Predictive Synthesis

Advances in computational materials design allow researchers to rapidly screen both real and hypothetical materials for desirable properties. This phenomenon has led to a bottleneck shift in materials design from the discovery of novel materials to their synthesis. To quickly commercialize advanced materials, we need to move beyond trial-and-error synthesis techniques. Knowing the synthesis routes for new materials also allows estimates of the environmental impact of novel technologies before brining them to market [1].

Screenshot 2016-02-15 11.35.28The goal of this project is to advance materials synthesis techniques using data and computational models, i.e., to do for materials synthesis what modern computational methods have done for materials structures and properties. Since first principles methods for synthesis are limited, we derive synthesis models using data and machine learning. Most synthesis information is found in the scientific literature, which requires natural language processing techniques to extract and format. We have developed and maintain a computational pipeline that automatically downloads millions of chemistry and materials science journal articles, determine which paragraphs contain relevant synthesis information, and extracts synthesis data such as the precursors, types of operations, target materials, and synthesis conditions [2]. This data is then used in machine learning and data mining to inform on the synthesis of novel materials and improve existing synthesis methods. [3][4]. More information, along with synthesis datasets and numerous synthesis data extraction tools, can be found at Described below are several materials systems studied by the group with this methodology.

[1] Kim, Edward, et al., “Materials synthesis insights from scientific literature via text extraction and machine learning”, Chemistry of Materials, 29.21 (2017), 9436-9444.

[2] Kim, Edward, et al, “Machine-learned and codified synthesis parameters of oxide materials”, Scientific Data, 4 (2017), 170127.

[3] Kim, Edward, et al., “Virtual screening of inorganic materials synthesis parameters with deep learning”, npj Computational Materials, 3.1 (2017), 53.

[4] Kim, Edward, et al., “Inorganic materials synthesis planning with literature-trained neural networks”, arXiv preprint arXiv: 1901.00032 (2018).


Zeolites are crystalline, anat-porous, aluminosilicates with numerous applications in catalysis, carbon-capture, NOx abatement, and water decontamination. Due to their meta-stability and complex kinetics, zeolite synthesis is difficult to control and reproduce, as very small changes in conditions can lead to large changes in a zeolite’s structure. This work focuses on extracting synthesis conditions from the zeolite literature and modeling zeolite structure as a function of the synthesis using machine learning.

Using random forest regression, we demonstrated the ability to model the synthesis structure connection for germanium-containing zeolites. The tree model also provides human interpretable pathways that provide guidance for synthesizing low density zeolites [5][6].


[5] Jensen, Zach, et al., “A machine learning approach to zeolite synthesis enabled by automatic literature data extraction”, ACS central science (2019).

[6] Schwalke-Koda, Danial, et al., “Graph similarity drives zeolite diffusionless transformations and inter growth”, Nature materials 18.11 (2019), 1177-1181.


Aluminum alloys are very important in many industries, with applications ranging from light weighting and increasing fuel efficiency in automobiles, to being the most sustainable beverage container material on nearly all measures [2]. Adding alloying elements greatly affects the physical and chemical properties of aluminum, mostly via its microstructure, but knowing these effects a priori can be challenging due to the complexity of multicomponent phase diagrams that include all the alloying elements, and the non-equilibrium nature of alloy processing. This work looks to extract compositional and processing information from literature and link it back to the structural and mechanical properties of aluminum alloys. It also seeks to integrate phase diagrams and physics-based models with machine learning to obtain better, more physically meaningful and interpretable models.

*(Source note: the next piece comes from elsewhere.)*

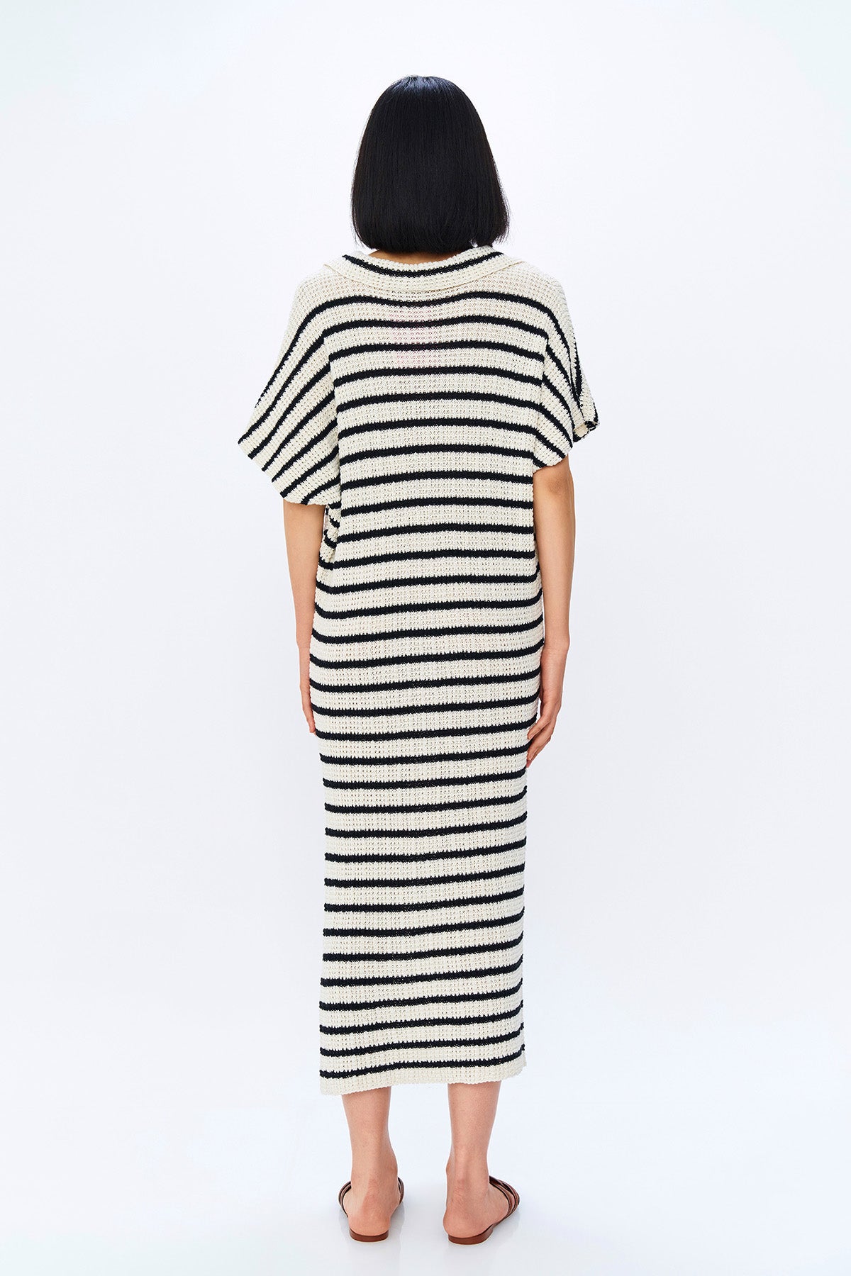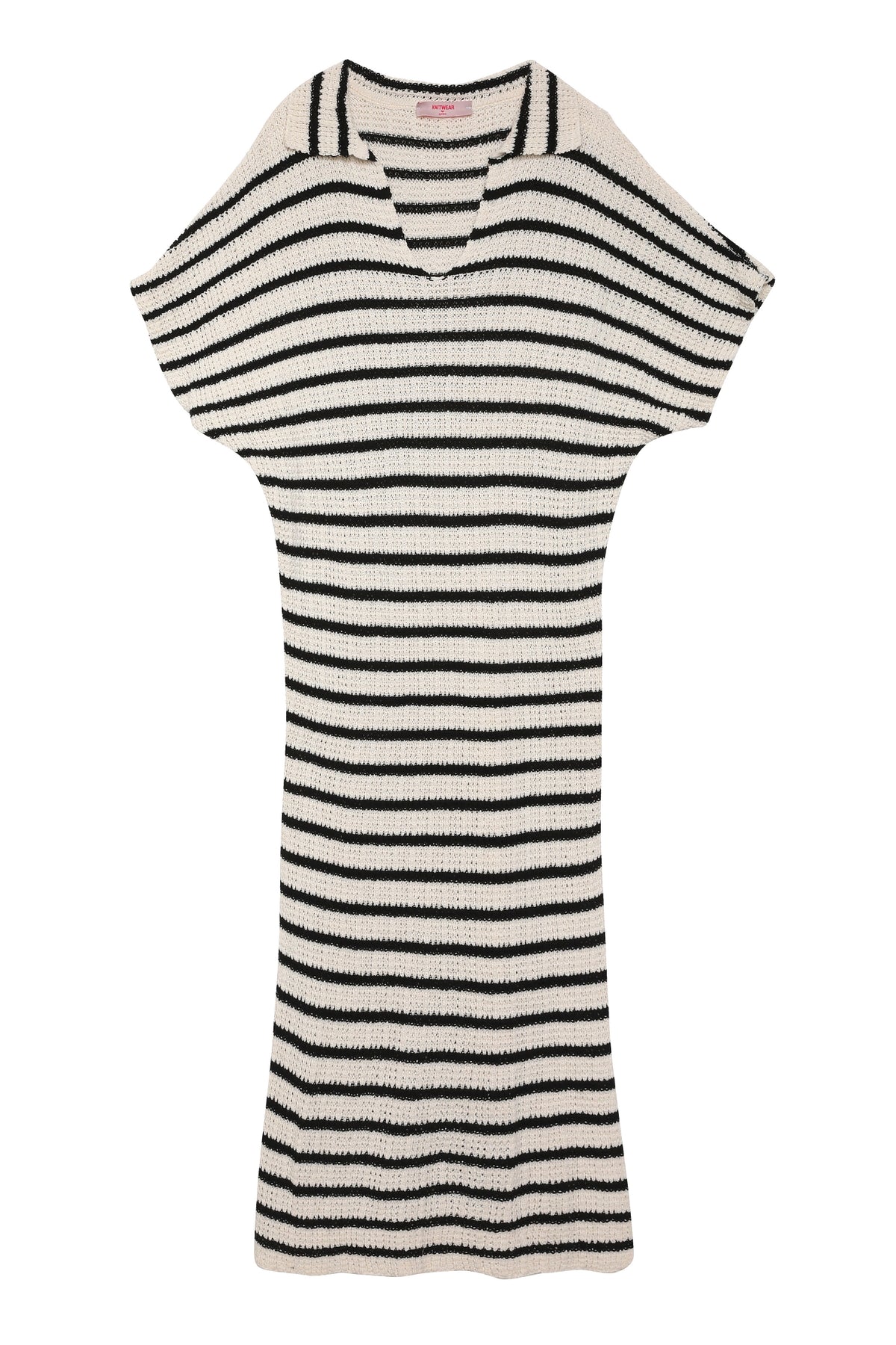Yün karışımlı, kısa kollu, v yaka, siyah ve beyaz çizgili detaylara sahip, yanları yırtmaçlı triko elbise.

Alternative Cementitious Materials

Due to the materials choices at the center of conventional cement production, CO2 emissions are inherent to the process. Given the scale of cement use, such emissions are estimated to be in the range 5-8% of the global annual GHG footprint. Therefore, to combat associated environmental impacts, development of alternative cementitious materials is essential. Potential alternative resources include industrial wastes such as coal fly ash, metallurgical slags, and biomass ash, which have the added benefit of avoiding typically associated landfill burden. Use of such materials avoids the calcination of limestone necessary for cement production, thereby greatly reducing emissions. When reacted in alkaline environments, these wastes create binders with properties similar to cement. However, chemistry and physical properties vary significantly between different waste streams — and even batch to batch — making it difficult to efficiently predict optimal material blends. This work extracts chemical, structural, and physical properties of wastes from the literature in order to relate such properties with material reactivity, thereby enabling the production of next-generation construction materials.